#### [PROBLEM]
From the material below, retype exactly the lines that begin at the line with "清明时节,追思悠悠。为缅怀革" and end after the line with "牛乳 ベーコンと水菜のサラダ くだもの●主な給食食材..."; pictures stay out of the copy.

#### [EXERCISE INPUTS]
+---+

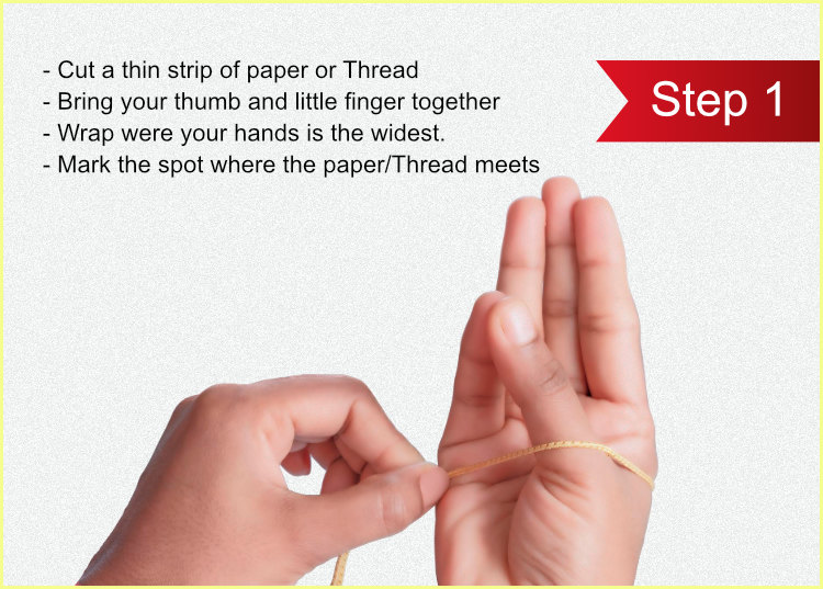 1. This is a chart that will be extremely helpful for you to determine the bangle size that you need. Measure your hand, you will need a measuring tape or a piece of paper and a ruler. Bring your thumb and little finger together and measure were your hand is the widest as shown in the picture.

+---+

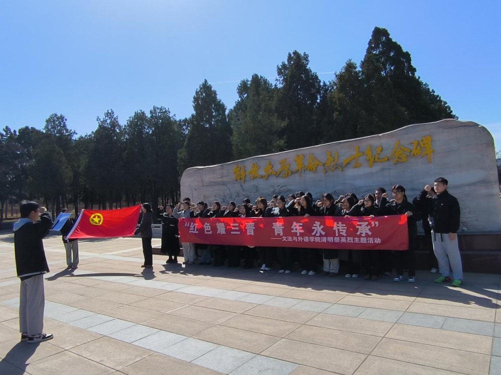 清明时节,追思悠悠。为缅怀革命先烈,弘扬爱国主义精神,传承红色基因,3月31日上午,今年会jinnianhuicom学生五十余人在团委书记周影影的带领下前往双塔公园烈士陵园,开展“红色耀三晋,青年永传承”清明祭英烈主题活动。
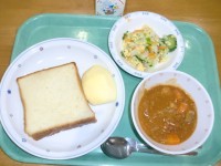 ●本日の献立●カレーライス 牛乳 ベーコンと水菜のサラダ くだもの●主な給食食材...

+---+

#### [THE ANSWER]
 清明时节,追思悠悠。为缅怀革命先烈,弘扬爱国主义精神,传承红色基因,3月31日上午,今年会jinnianhuicom学生五十余人在团委书记周影影的带领下前往双塔公园烈士陵园,开展“红色耀三晋,青年永传承”清明祭英烈主题活动。
 ●本日の献立●カレーライス 牛乳 ベーコンと水菜のサラダ くだもの●主な給食食材...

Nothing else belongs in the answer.